Something like a smile quirked his lips and he nodded. I poured myself another cup to avoid looking at him even if the liquor had tasted like bad decisions, and felt a sliver of gratitude when he changed the subject.
“Diabolist must be dealt with before summer’s end,” he said. “We had a conversation, you and I, while I was in the Free Cities. About changes that must be had in the Empire.”
“I’m not sure the Empress will agree to the kind of changes I want,” I said. “I’ve made promises, Black. I thought I had it under control, but…”
“In Dread Crowned,” he said, lips curving around the name of the song my legionaries and thousands more had sung. “A lovely tune. Almost lovely enough one cannot hear the clamour for war under the words.”
“I made a deal with her for the vicequeenship of Callow, like you said I should,” I told him. “But the Wasteland is sick, Black. There’s centuries of rot set in. We can’t build anything that’ll last without clearing it away first.”
Because, much as I’d come to like Malicia, I could not help to think that our deal would not survive her. That all it took was a knife in the back by some ambitious High Lord and the armies would march, because the Empress was a creature of pragmatic reason but she was the exception and not the rule. If we were to really, truly make this work then the cabals of scheming highborn had to go. Or it was just a matter of time until another version of the coup in Laure took place, and we’d come too far now for that to lead to anything but rebellion. I hadn’t forgotten it wasn’t the Truebloods that’d made a grab for power in the capital, when I’d disappeared for a few months. It had been the Empress’ own allies, supposedly mine as well. To trust men like them was like throwing tea in the sea and expecting it to turn brown.
“And so, summer’s end,” Black said calmly. “Procer will not begin their campaign in autumn, not if it means taking the risk of fighting through the winter in foreign lands. We will have until the first pangs of spring to do what must be done.”
The tone had been serene, measured. Cold as the Winter running through my veins, and I was not ashamed to admit it scared me.
“And what exactly is that?” I asked.
“Praes,” he said mildly, “will be purged. From Court to gutter. I will not allow knives to be bared at our back as we prepare for the greatest war the Empire has seen in half a millennium.”
I looked into those pale green eyes and glimpsed the house of steel behind them, grinding wheels of steel that knew no pity or pause.

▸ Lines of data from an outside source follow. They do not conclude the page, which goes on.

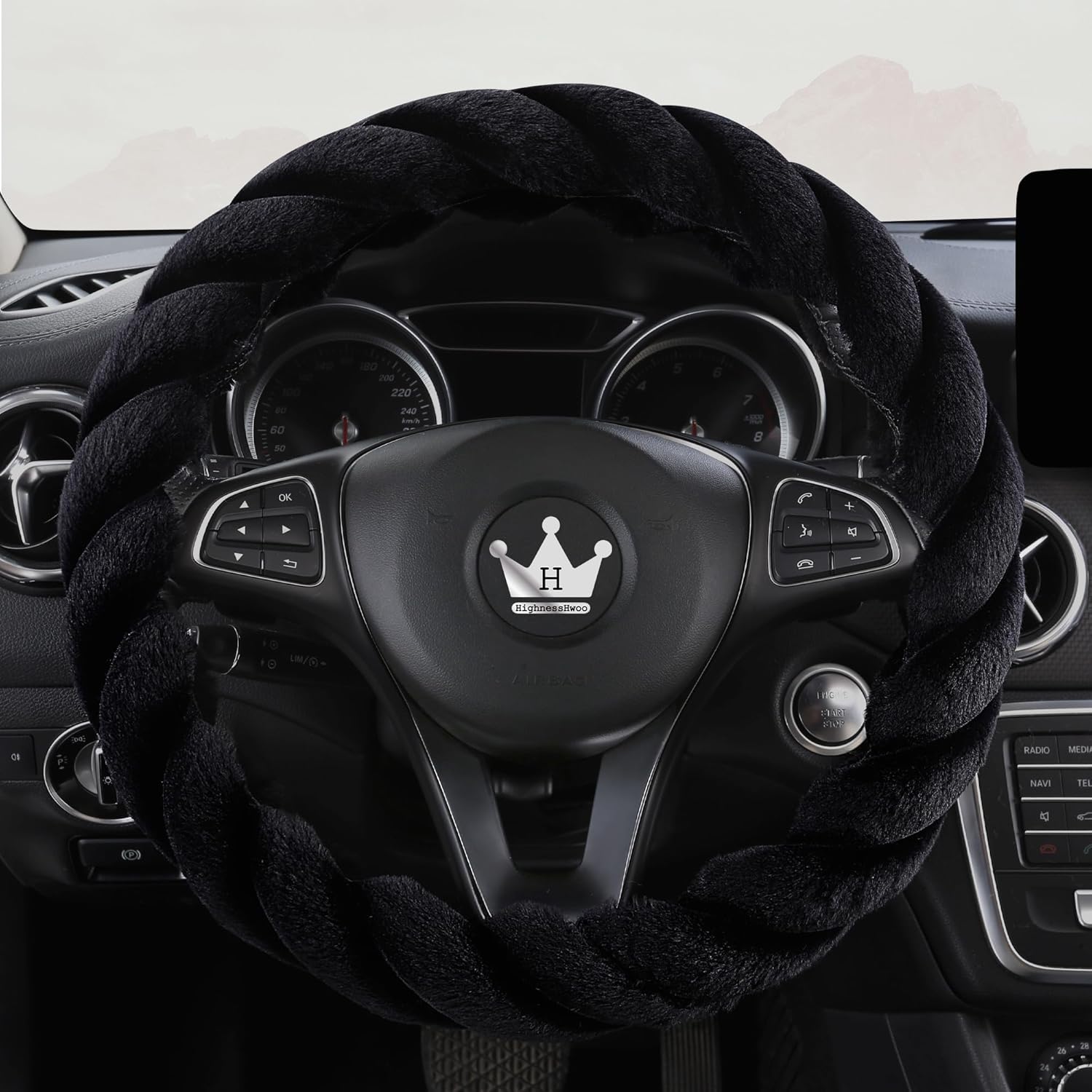 - ♛【Classic Twisted Fur Design】- Designed with soft polyester fluff, thick sponge and white rubber inner ring, no more cold feeling, keeps your hands warm while driving, bring you a new driving experience.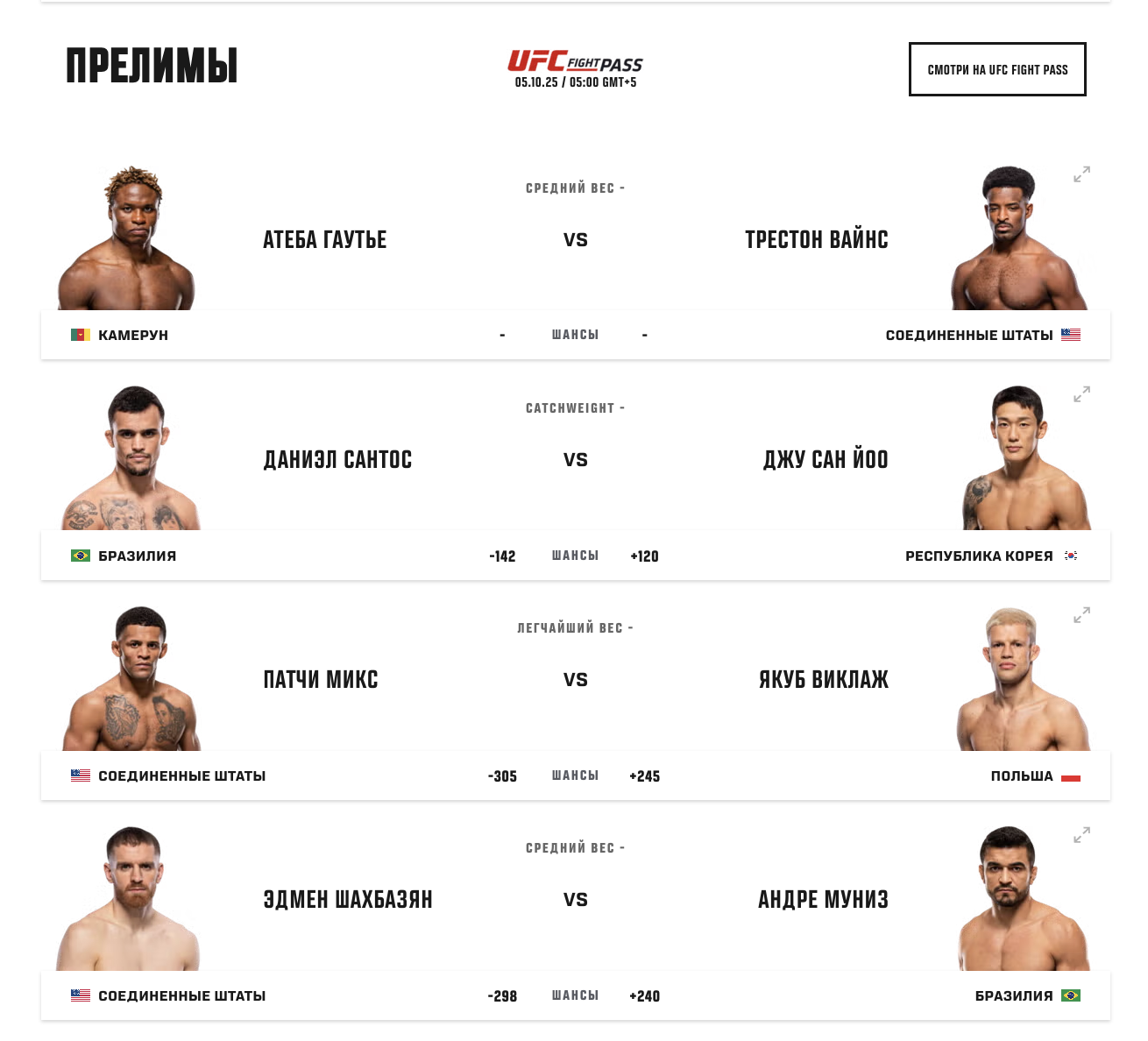 Турнир в прямом эфире покажет UFC Fight Pass по подписке.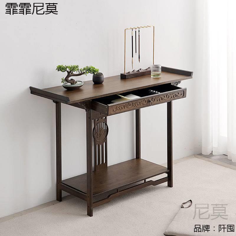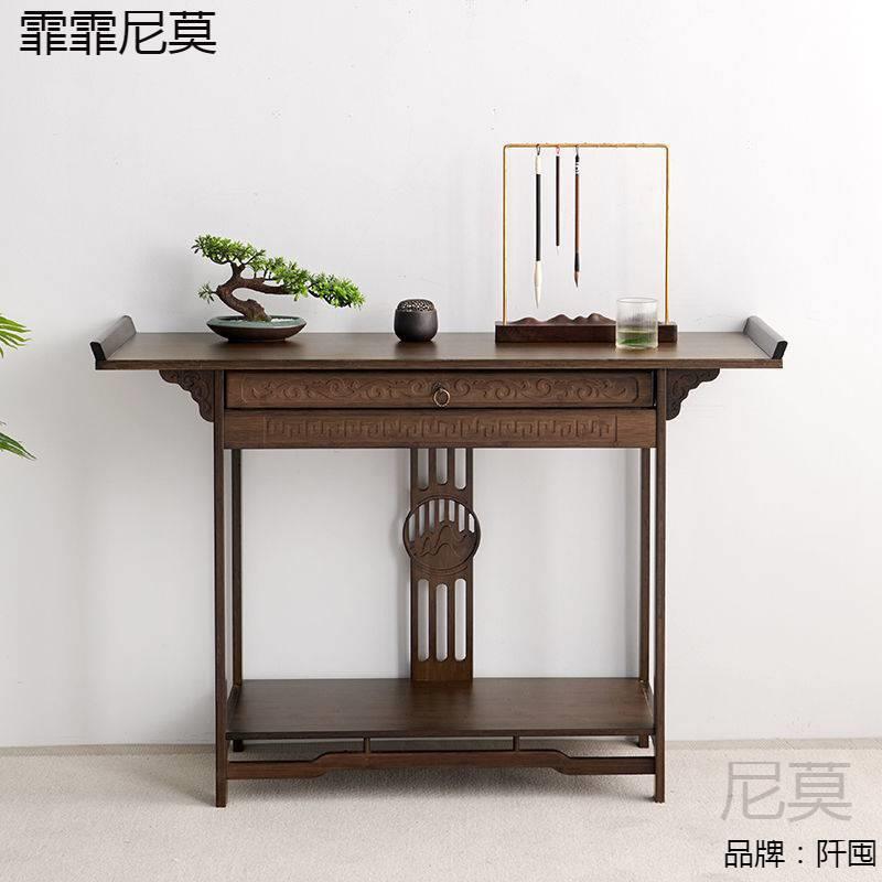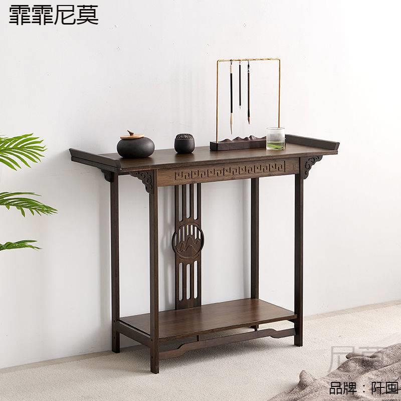 .新中式玄关桌窄长条案供桌现代靠墙案台供奉桌子胡桃色实木端景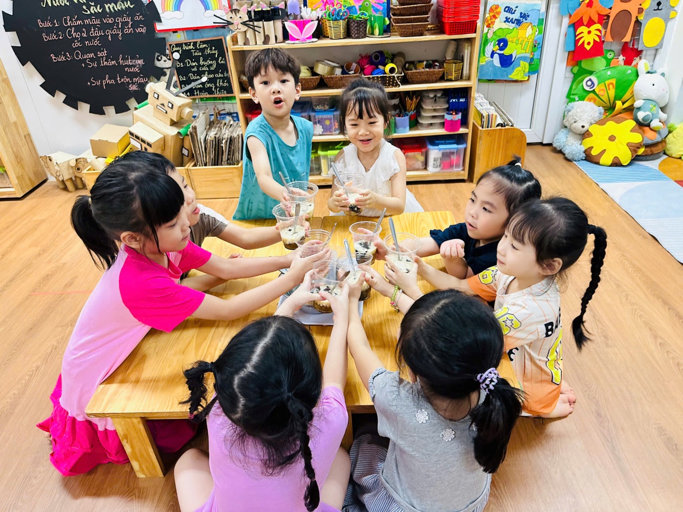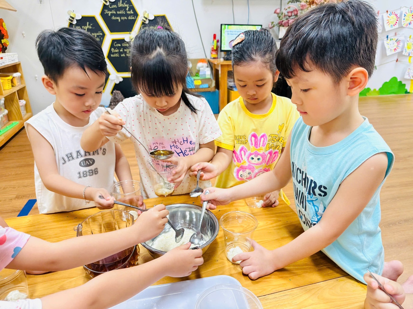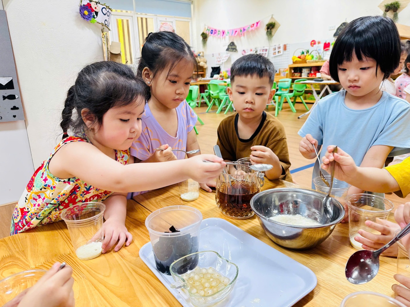 Đặc biệt những ngày hè nắng nóng, được ăn một cốc tào phớ sẽ giúp giải nhiệt cơ thể, vì vậy, các bạn nhỏ lớp MGN B1 đã được cô giáo hướng dẫn pha chế món tào phớ trân châu hấp dẫn.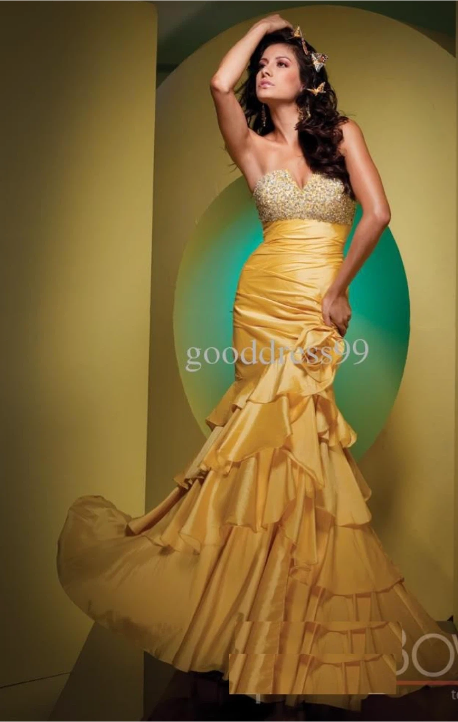 Tony Bowls Le Gala Yellow Beaded Mermaid Gown Size 6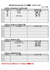 2025 IMP Kart Race Rd.5エントリーリスト 2025.12.13現在

There had been weight to those words.
“The Empress has already broken the Truebloods,” I said. “Most of them call themselves the Moderates now, and the rest is on the run.”
“Twenty years, I have kept my tongue as Alaya ruled Praes her way,” Black said. “She has done much with that time. Won a civil war without ever mustering a single army, and so much more I could never have done in her place. But it is not enough.”
His fingers clenched.
“I look west and I see the chosen daughter of the old ways, sitting atop a throne of death and sorcery in naked challenge to the Tower,” he hissed. “I look east and I see the remains of the same fools that fought us decades ago, defeated but not yet defanged. Those that kneel may be spared, Catherine. There is still use for them. The rest will burn, and from those ashes we will fashion an Empire that can turn back Hasenbach’s crusade.”
Strange, how fear could make a moment grow crystal-clear.
“That means going against the Empress,” I said. “Is that your intention? Rebellion?”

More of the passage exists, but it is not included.